Quatrième signe : Un acte synodal 
Tous les signes (lieux, gestes, symboles, paroles) que je viens de mentionner indiquent un nouveau pas sur le chemin de l’unité. J’ai été témoin d’un acte synodal, simple dans sa forme, fort dans sa portée théologique et œcuménique. À Bari, l’Église a témoigné de son unité dans la diversité. À Bari, j’ai vu un seul Peuple de Dieu, témoin de sa foi et de son espérance. À Bari, j’ai vu un collège de serviteurs de ce Peuple, chargé de la même mission, préoccupée par les mêmes soucis et défis. 
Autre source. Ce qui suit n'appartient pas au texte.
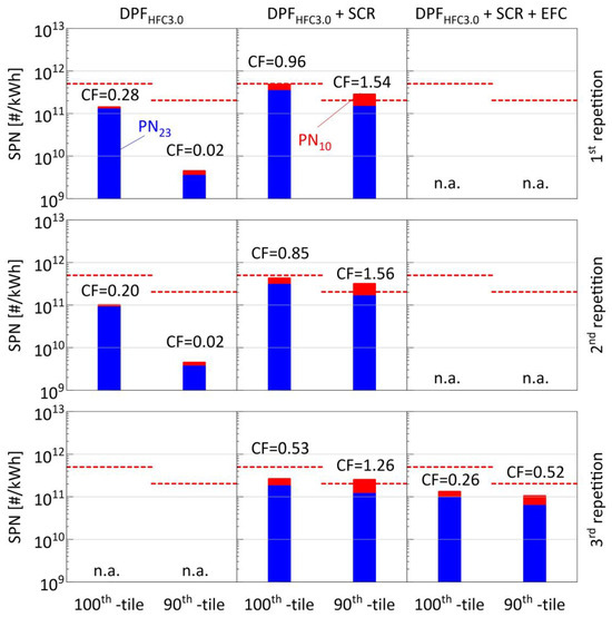 Summary of Solid Particle Number (SPN) emissions following the proposed Euro 7 evaluation methodology for the tests where DPFHFC3.0 was used. Charts on the left, middle, and right planes correspond to emission levels at DPF, SCR, and EFC out positions, respectively. Charts on the top, middle, and bottom panels correspond to the three ISC repetitions. Blue bars correspond to SPN23, while red bars to SPN10. The dashed lines indicate the proposed limit (5 × 1011 #/kWh for the 100th percentile and 2 × 1011 #/kWh for the 90th percentile), while the numbers on top correspond to the conformity factors (ratio of average emissions over applicable limit). Owing to the swapping of APC sampling positions (Table 1), SPN measurements were not available (n.a.) for some tests. HFC = High Filtration efficiency Cordierite; CF = Conformity Factor; DPF = Diesel Particulate Filter; OEM = Original Equipment Manufacturer; SCR = Selective Catalytic Reduction; EFC = Emissions Finishing Cordierite.

À Bari, il y avait aussi, assise avec les pasteurs, une femme en prière et en réflexion avec eux. Autour de cette table ronde, j’ai été accueillie comme l’une d’eux. Une parole libre m’est accordée, une sorte de parrhesia… le Collège des pasteurs s’ouvre au Peuple de Dieu. Ne s’agit-il pas d’un acte synodal ?
 
 
3. L’après Bari pour l’Eglise au Moyen-Orient
Au cours de la discussion à Bari, j’ai achevé ma brève intervention en souhaitant que les Patriarches continuent le chemin ensemble dans la prière et la réflexion. Et je leur ai rappelé que leur maison commune au Moyen-Orient est bien le Conseil des Églises (le MECC) qu’ils ont fondé en 1974. Oui, au Moyen-Orient, les Églises ont un lieu ecclésial commun, un lieu qui donne chair leur unité dans la diversité. Ce lieu est bien Le MECC, lieu privilégié où les Églises peuvent se mettre ensemble à l’écoute de ce que l’Esprit leur dit aujourd’hui au Moyen-Orient. 
Prions le Seigneur que l’esprit de Bari se perpétue, comme il l’a été pour Assisi.